Only one stretch of the records below is wanted: the lines from the one holding "Kaszmirowa sukienka vintage" through the one holding "3、在FB中可以定义静态变量". Return it exactly, both ends included.

Data for this exercise:
Content starts

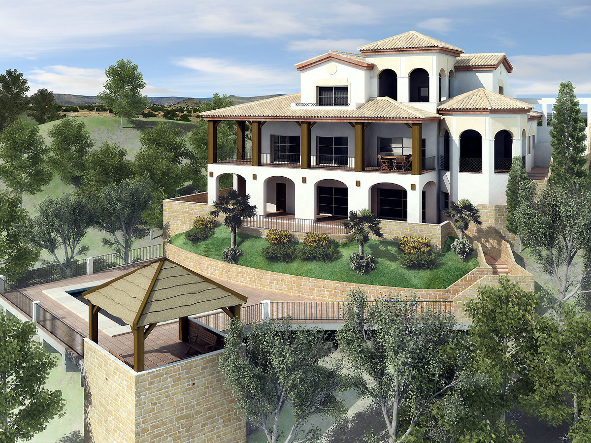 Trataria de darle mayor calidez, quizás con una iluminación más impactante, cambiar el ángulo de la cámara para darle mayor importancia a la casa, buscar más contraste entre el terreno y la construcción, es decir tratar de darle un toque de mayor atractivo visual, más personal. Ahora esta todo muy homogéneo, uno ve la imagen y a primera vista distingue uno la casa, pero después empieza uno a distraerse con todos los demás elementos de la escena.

Content ends
Content starts

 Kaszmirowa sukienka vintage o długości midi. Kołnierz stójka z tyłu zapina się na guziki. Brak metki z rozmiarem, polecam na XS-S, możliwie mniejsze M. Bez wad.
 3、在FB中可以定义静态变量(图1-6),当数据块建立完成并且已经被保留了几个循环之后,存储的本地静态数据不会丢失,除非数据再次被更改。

Content ends
Content starts

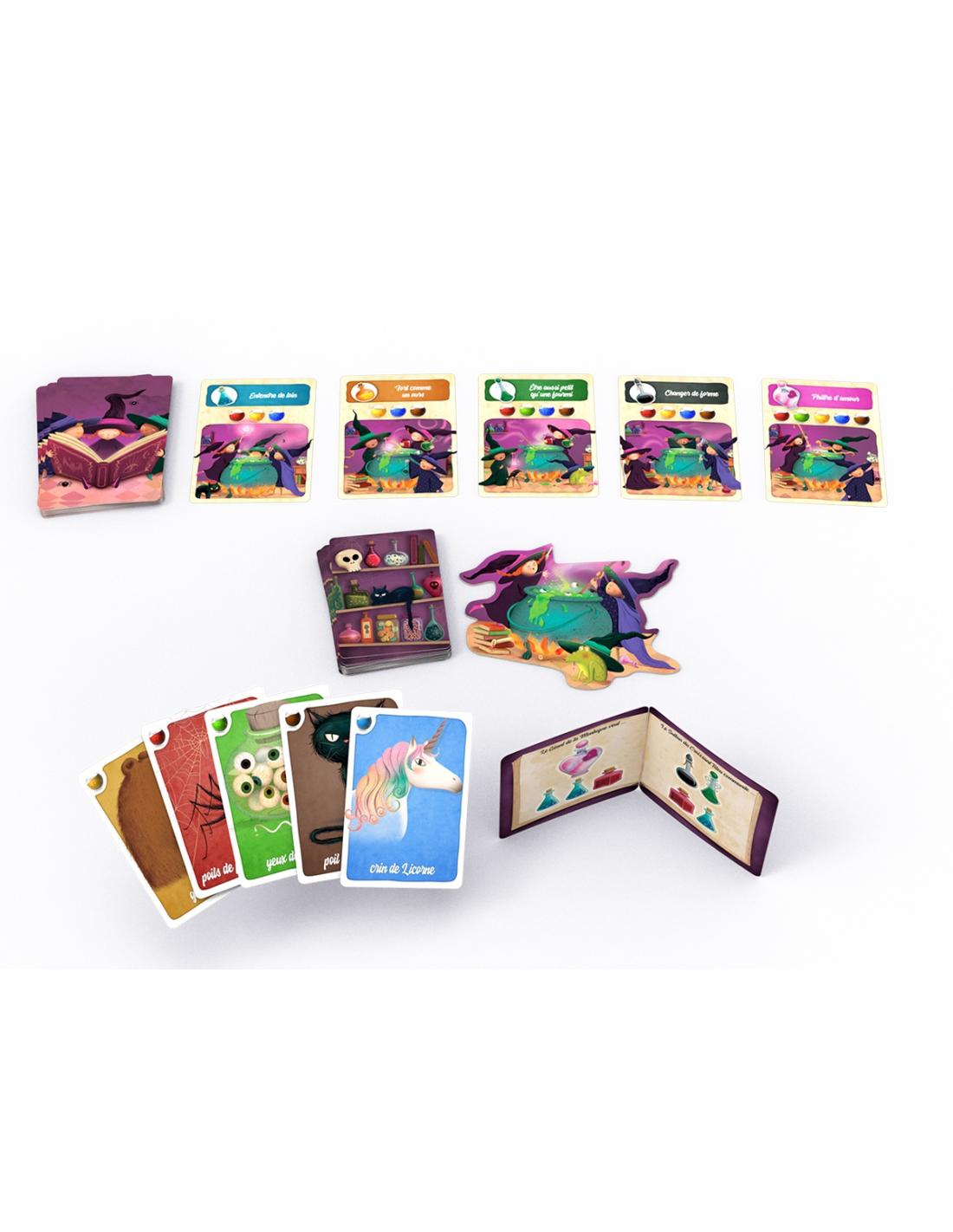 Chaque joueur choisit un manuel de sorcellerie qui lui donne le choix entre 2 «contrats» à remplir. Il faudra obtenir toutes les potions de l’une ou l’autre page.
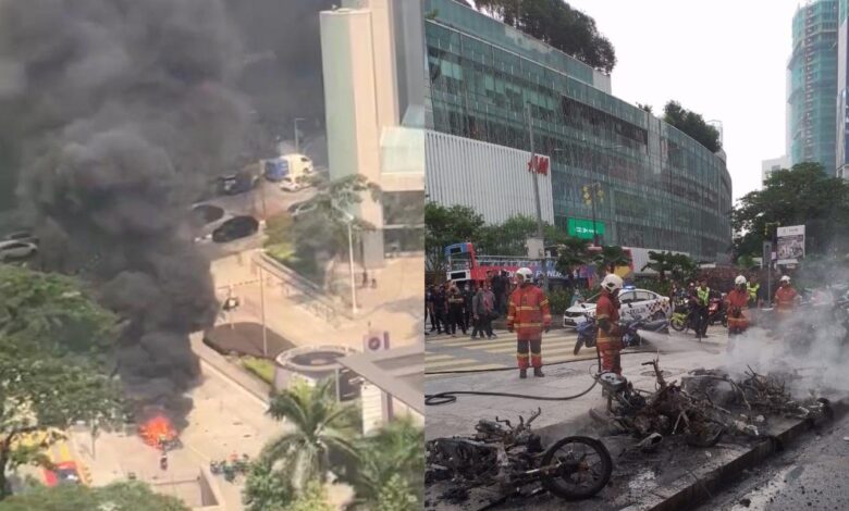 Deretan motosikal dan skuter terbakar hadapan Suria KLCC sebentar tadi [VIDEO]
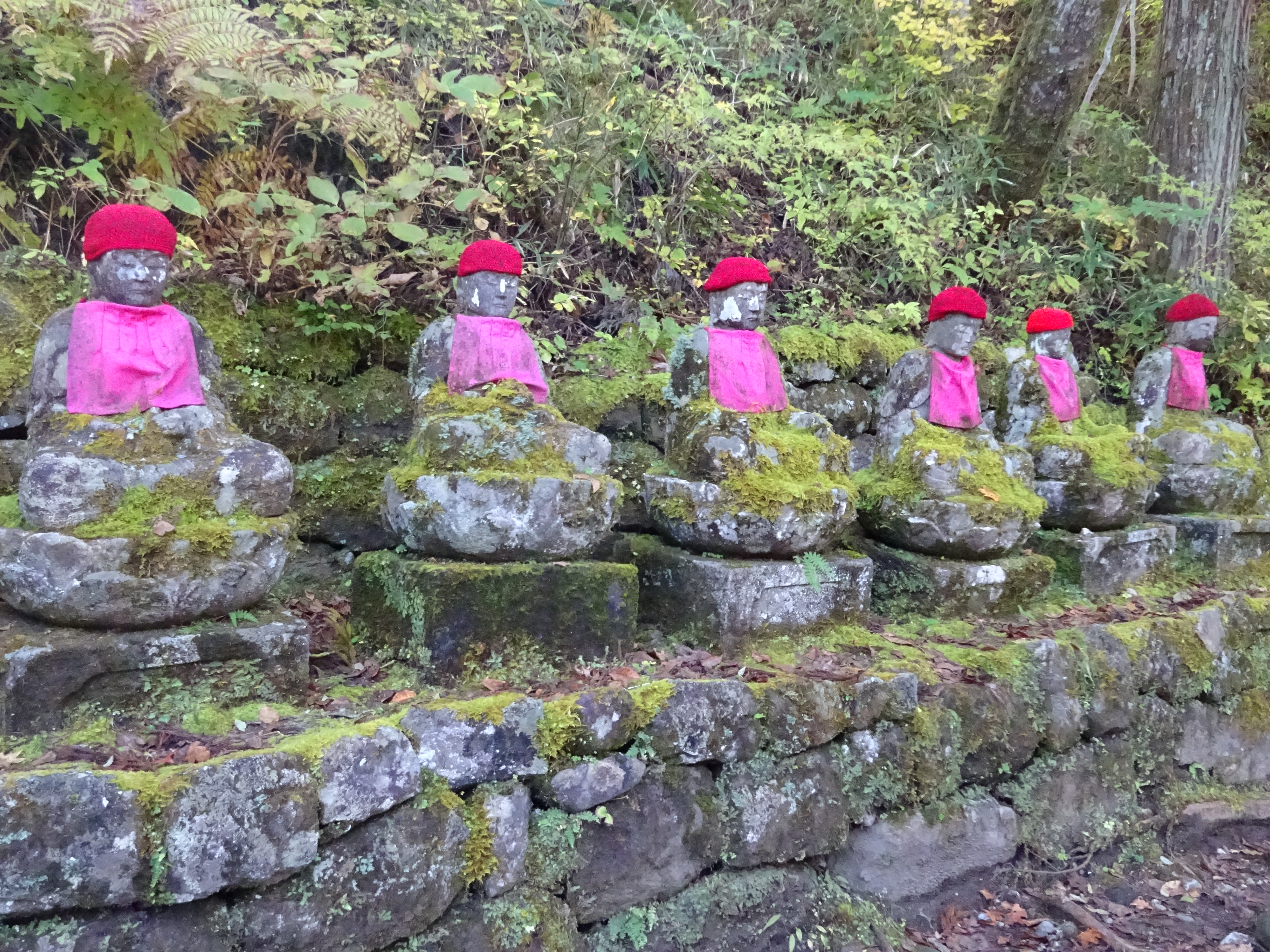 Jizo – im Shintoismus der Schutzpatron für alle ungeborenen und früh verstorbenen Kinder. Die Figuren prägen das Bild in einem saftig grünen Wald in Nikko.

Content ends

Solved exercise:
 Kaszmirowa sukienka vintage o długości midi. Kołnierz stójka z tyłu zapina się na guziki. Brak metki z rozmiarem, polecam na XS-S, możliwie mniejsze M. Bez wad.
 3、在FB中可以定义静态变量(图1-6),当数据块建立完成并且已经被保留了几个循环之后,存储的本地静态数据不会丢失,除非数据再次被更改。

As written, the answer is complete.